Use of digital imaging modalities is veterinary medicine is increasing and soft copy or electronic review of images is becoming more important. Workstation utility, image display, and subsequently radiologist performance are affected by hardware, software, and connectivity concerns. This article focuses on image display hardware and software leaving connectivity for the digital imaging and communication in medicine (DICOM) and picture archival and communications systems (PACS) segments of this supplemental issue.1,2
Radiologist performance can be judged by two important factors, diagnostic accuracy and productivity. The role of the radiologist is much more active in the soft copy review environment than it has been in analog radiograph review. The use of digital imaging tools at the level of the workstation enables the radiologist to enhance their own performance either through improved accuracy or increased productivity.
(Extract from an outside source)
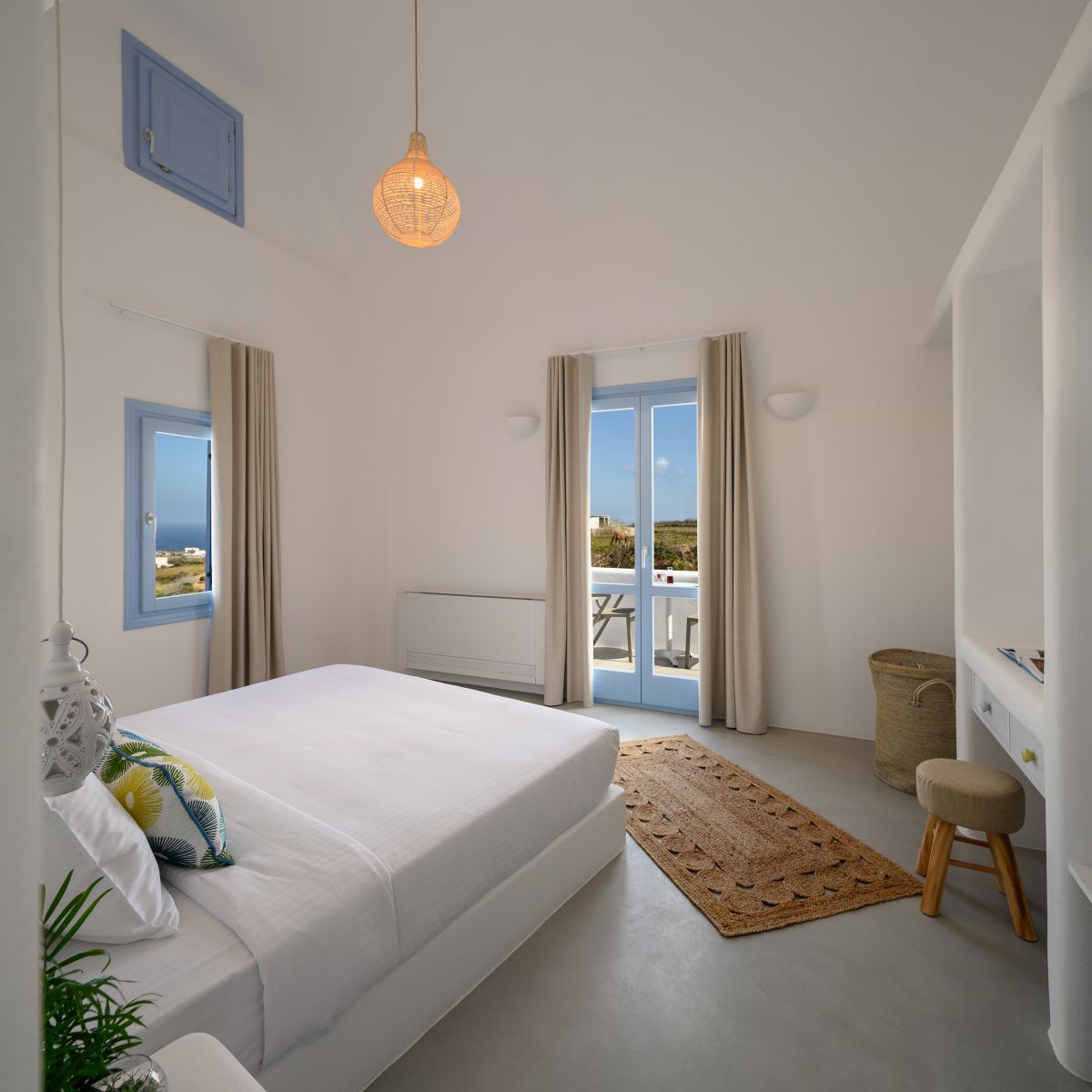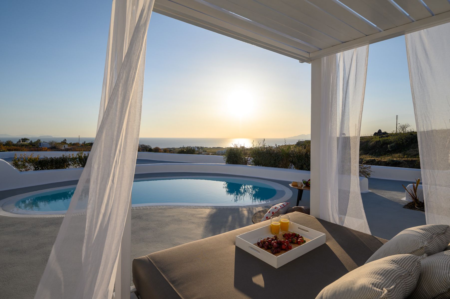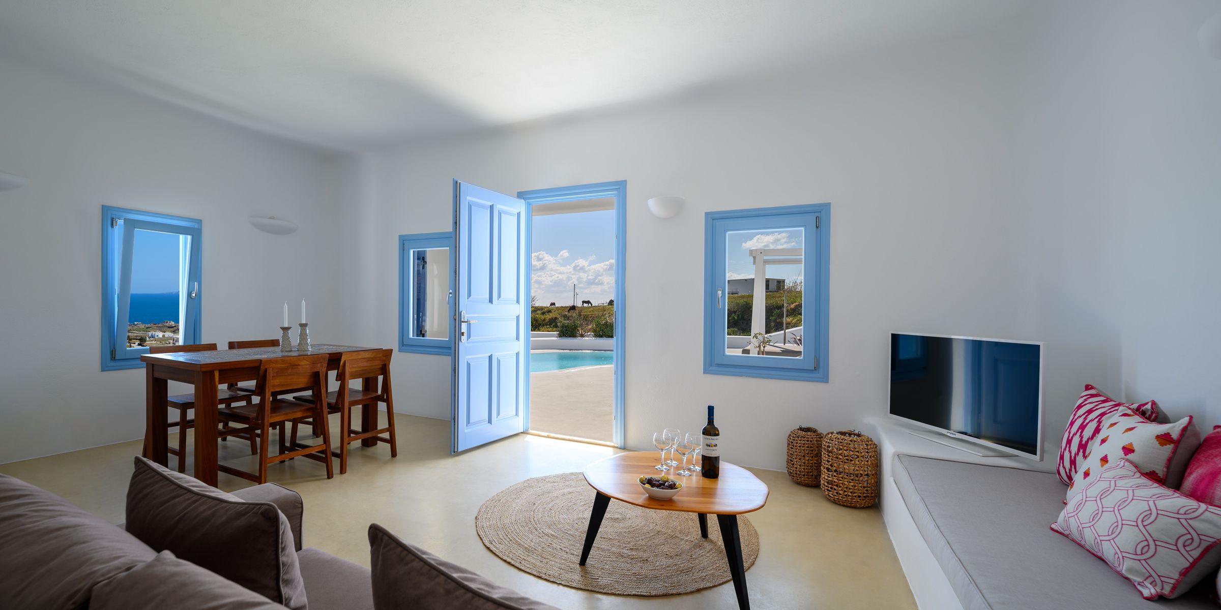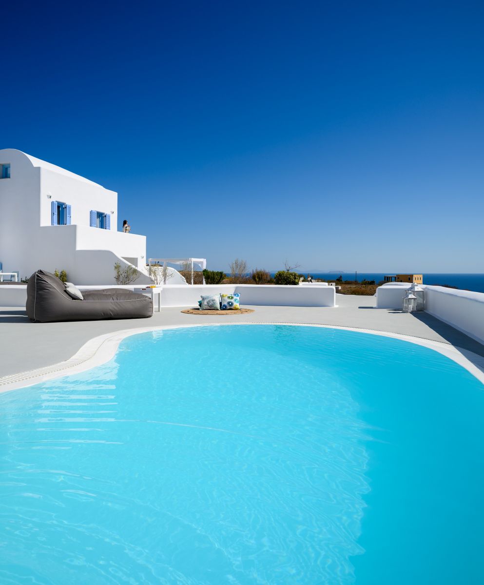 The Supreme Villa features two spacious bedrooms, each one with built-in king size beds and its own bathroom in every room. It has a kitchen and dining area a commodious living room with comfortable sofa bed that opens up to a private spacious veranda furnished with sitting area, comfortable sunloungers and a swimming pool offering breathtaking views to the Aegean sea.

Historically, soft copy review was hampered by lower display quality when compared with light boxes and film. More sophisticated computer monitors and tremendous advances in image review software make this an almost obsolete concern. Although limited veterinary specific information about image display exists, information from human medical imaging can be applied to our field. The American College of Radiology (ACR) has recommendations for soft copy review and teleradiology.3 Currently, regulations for display hardware and software reflect a desire to maintain a standard of practice that is “as good as” analog film review. Although meeting the ACR recommendations is a minimum, it is important to improve the standard of practice by implementing technological advances as they develop.
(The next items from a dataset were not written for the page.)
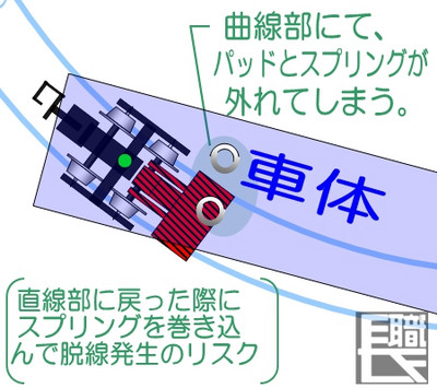 曲線部にてパットがスプリングから外れてしまい、直線区間に戻る際に、今までパットを押していたスプリングが、枕木の方へ垂れているものだから、スプリングを車体外に押し出す方向へパッドが割り込んでしまい、恐らくここで脱線を生ずると思う。
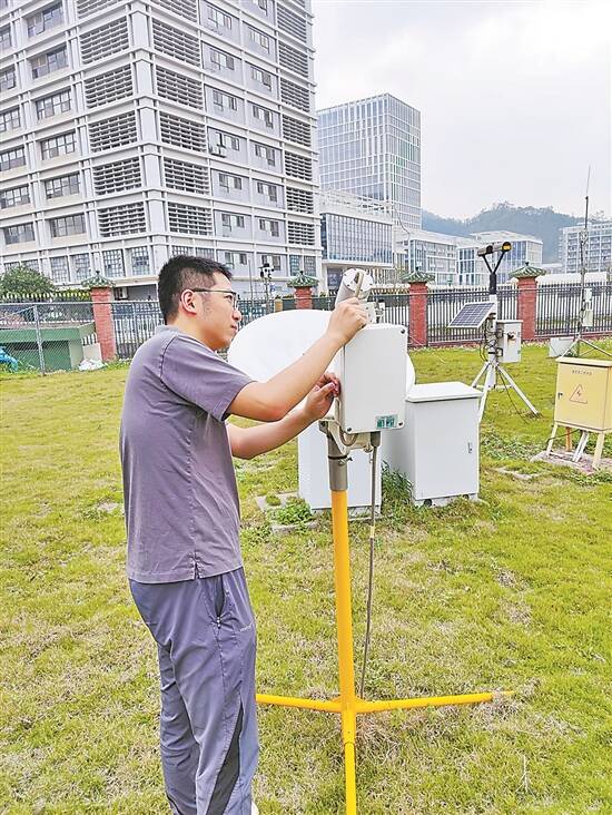 陈逸伦进行微雨雷达仪器维护 受访者供图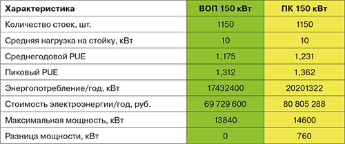 Табл. 1. Сравнение ПК и ВОП при одинаковых температурах в машзале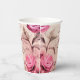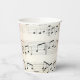 Papiertassen mit elegantem und nostalgischem Design. Musikblatt mit rosa Rosen an den Rändern.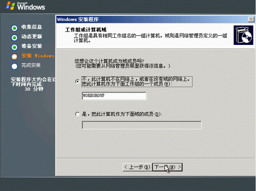 在设置工作组或计算机域的时候,如图10所示,不论是单机还是局域网服务器,最好是选中第一项,当把系统安装完毕后再进行详细的设置。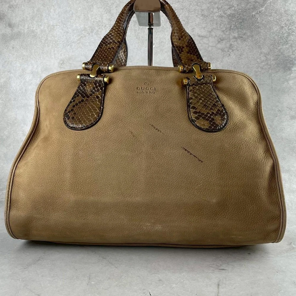 This GUCCI tote is absolutely stunning—the beige leather is so elegant and timeless. The size is perfect for daily use, fitting all my essentials comfortably. Even though it has slight discoloration, it adds a vintage charm. Shipping from Japan was fast, and the seller was super polite and responsive. A great deal for an authentic designer piece!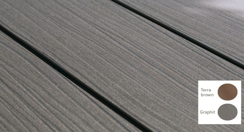 Дошки EasyDeck® GLACIER шириною 193 мм доступні в наступних кольорах: terra brown та graphite.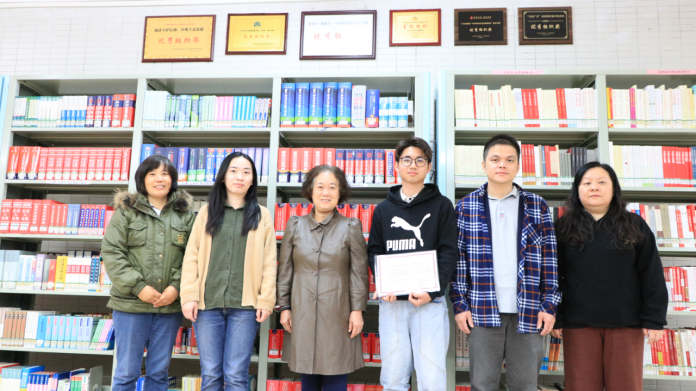 获奖者江寅锐(右三)与图书馆老师及图书馆副馆长钟伟珍(左三)合影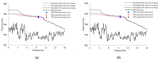 3.2. Water Level Variation Along the Course and Validation of Simulation Result

Recommendations for workstation monitors are based on experiences reported by medical doctors.4–15 Monitor quality is evaluated using three parameters: resolution, luminance, and contrast ratio. Monitor recommendations vary based on the importance of the viewing workstation and the modalities displayed. Primary review stations, where radiographs are first reviewed and a diagnosis is made, are different than secondary or tertiary review stations, located in exam rooms or surgery suites. Primary review stations should have the best possible monitor quality and be housed in a room with controlled ambient lighting.
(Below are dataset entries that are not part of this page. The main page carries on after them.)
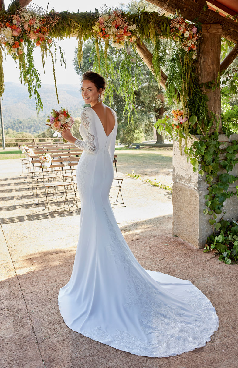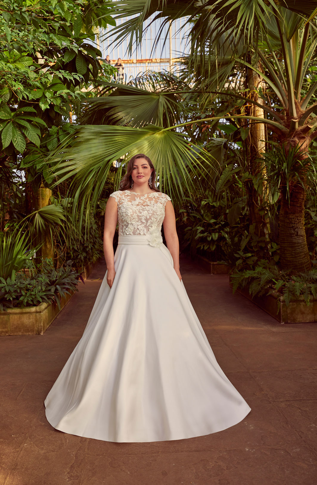 Magnifico abito da sposa stile principessa con dettagli moderni dallo stile unico. La gonna in Mikado off-white a strati di grandi dimensioni si apre in uno strascico a cattedrale. Il corpetto è caratterizzato da collo alto, maniche ad aletta in pizzo. La vita è sottolineata da una fascia pieghettata, rifinita con un fiore 3D glitterato.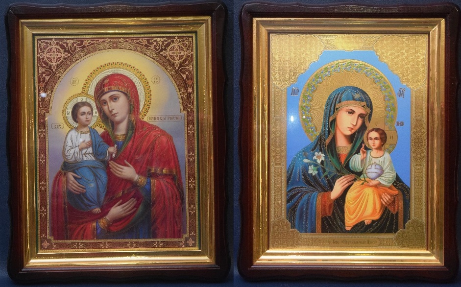 2 Gilted and decorated icons of the Virgin and Child in a serpentine and gilt case, 40 x 49cm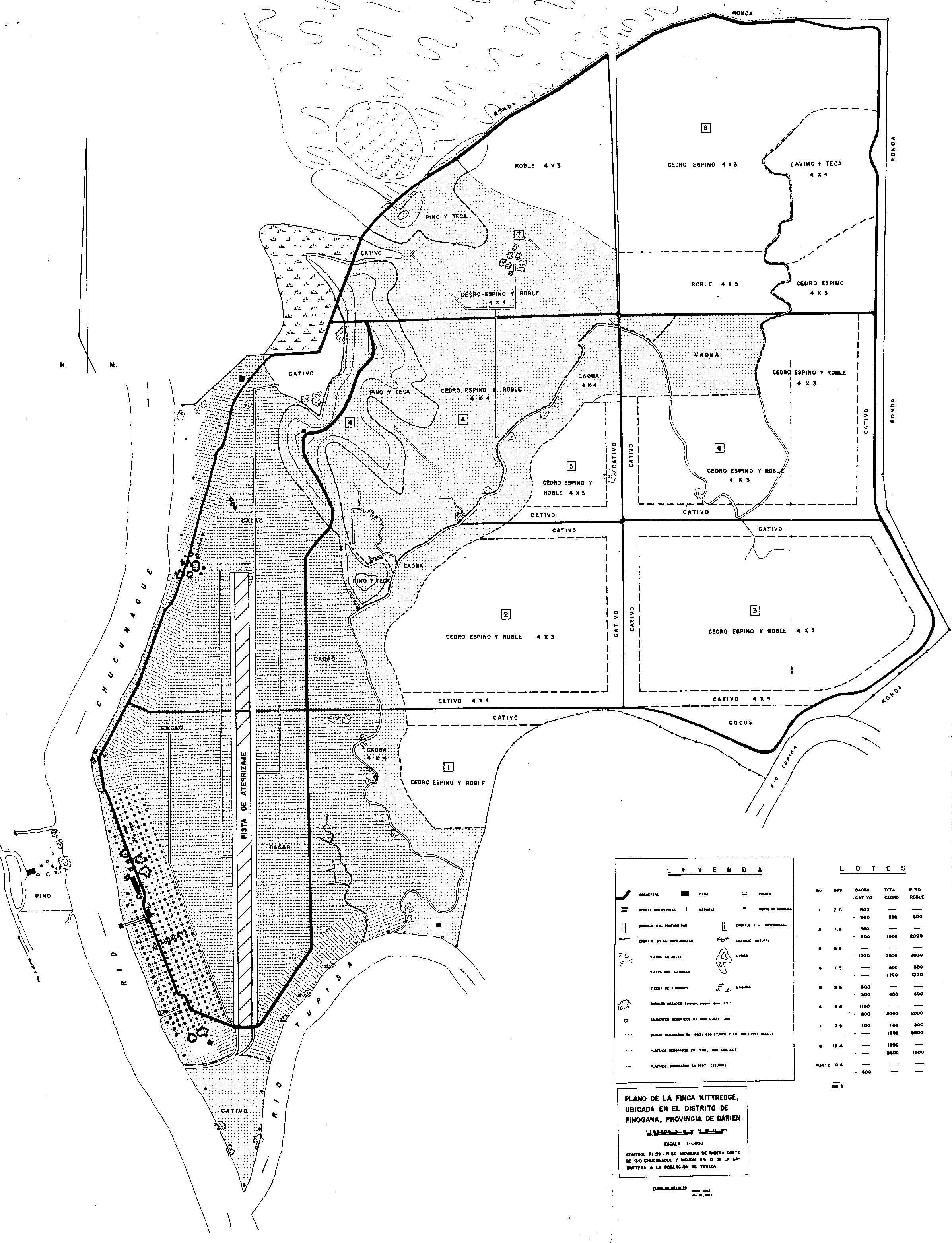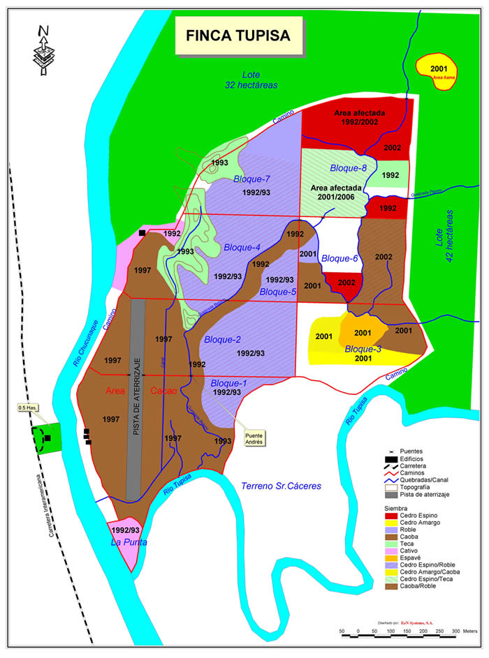 The 145-hectare area is comprised of three lots: a V-shaped 71-hectare lot at the confluence of the Chucunaque and Tupisa rivers which is mostly reforested, a 42-hectare lot on the east which is partially reforested, and a 32-hectare lot on the north which is not planted. The total reforested area of 80.5 hectares is subdivided by a network of wide grass trails for access to section blocks or individual stands of trees. There is an extensive drainage-ditch grid which functions ecologically and carries ground-water off to the Chucunaque and Tupisa rivers. Two small streams meander through the area as well which are crossed by wooden bridges where they intersect with the trails. There is also a double firebreak around the perimeter of the plantation for protection during the dry season.

The other important consideration is which modalities will be evaluated at a given workstation. The monitor must be of sufficient quality to support evaluation of the modality with the largest image matrix. For example a monitor that is dedicated to MRI evaluation could be of lesser quality than a monitor used for diagnostic radiology interpretation (Fig. 1). At this time recommendations exist for monitor quality3 however, it is important to realize that advances in monitor and graphics card technology greatly exceed the pace of any regulatory body.
Active matrix liquid-crystal display (LCD) monitors have largely replaced cathode ray tube (CRT) technology in diagnostic imaging. Historically, CRT and early LCD monitors were too dim, lost brightness over time, and were of inadequate resolution to display large pixel matrices. Technical advances, particularly in LCD monitors, addressed these shortcomings resulting in a wide variety of readily available medical-grade monitors. Compared with CRT monitors, LCD monitors have similar or superior performance in diagnostic accuracy and read time.5–7,11,12,16 Liquid crystals are molecules that have variable physical properties (transparency) in the presence of an external electrical field. LCD monitors have a backlight and operate by controlling the transparency of each pixel through modification of the external electrical field around the liquid crystal component. These technologies and the availability of a variety of different monitor quality indices have created a large cost range in consumer grade and medical grade monitors making this an important point for investigation in purchasing decisions.5
Monochrome or gray scale LCD monitors are considered standard of practice in medical imaging. By comparison, consumer grade monitors are generally color monitors with less brightness, smaller pixel matrices, less sophisticated graphics cards, and they are not calibrated to the DICOM grayscale display function standard (GSDF). The GSDF is quality assurance measure that ensures uniformity in image display between calibrated monitors. Medical grade, monochrome monitors are more expensive than consumer grade color monitors inciting interest in radiologist performance (accuracy and productivity) using the two different types. It has been reported that diagnostic accuracy can be maintained using lower resolution color monitors if software tools such as magnify, window, and level are used.8,9 Reading time and operator fatigue, however, are increased.9,17
Medical grade, gray scale monitors have increased resolution, bit depth, and luminance compared with color monitors. A single shade of gray on a color CRT monitor is comprised of the three primary colors and uses three pixels, decreasing the overall screen resolution. Active matrix LCD monitors display color through sub-pixel modification where each displayed pixel is divided into three sub-pixels each having an added color filter (red, green, and blue). This decreases light transmission from the backlight to the viewing surface. Instead of using this color modification, medical grade gray scale monitors use the same technology to increase the bit depth of gray scale display. The displayed gray shade is actually a combination of different gray shades at the sub-pixel level, i.e., increase the number of gray shades that each pixel can display.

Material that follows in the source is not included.